The goal now is to understand the data, which is essential to achieve a good prediction model. This report is an exploratory analysis of the HC Corpora databases, which will be used to create the Capstone text prediction model.
The HC Corpora databases are separated by language: German, English, Finnish, and Russian), and classified according to their origin: Blogs, News, and Twitter. For this analysis we will work only with the sources in English.
The three databases in English, are explored to know their size (in MB), the number of lines that make them up, the number of words, the number of characters, the length (in characters) of the longest line. With this we also have the average number of words per line. Results shown in the following table:
| Size | nLines | nWords | nChars | Longest_line | n.medWord_Line | |
|---|---|---|---|---|---|---|
| Blogs | 200.4 | 899288 | 79779789 | 206824505 | 40833 | 88.71 |
| News | 196.3 | 1010242 | 74316341 | 203223159 | 11384 | 73.56 |
| Tweets | 159.4 | 2360148 | 65264908 | 162096241 | 140 | 27.65 |
With a little pretreatment on the databases, consisting of removing unwanted characters, repeated spaces, stop words typical of the English language and transforming the derived words to their basic forms.
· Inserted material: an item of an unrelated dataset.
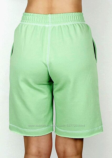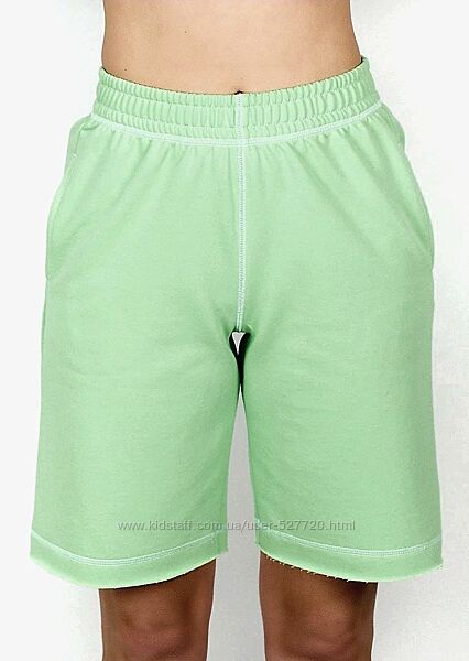 наявність уточнюйте будь ласкаЖіночі трикотажні шорти. Модель середньої довжини із бічними кишенями. Комфортна посадка, пояс на широкій еластичній гумці, нижній край необроблений.

A diagram is presented showing the most frequent words in each of the three data sources that are being analyzed.
## [1] "For Blogs"
## [1] "For News"
## [1] "For Twitter"
What is customary is to do the analysis of N-grams, for N = 1, 2, 3, and 4. A Bi-gram, for example, is a study of frequencies of all the pairs of words found in the Corpus. With these N-grams, the detection algorithm can be trained in the next stage of the process.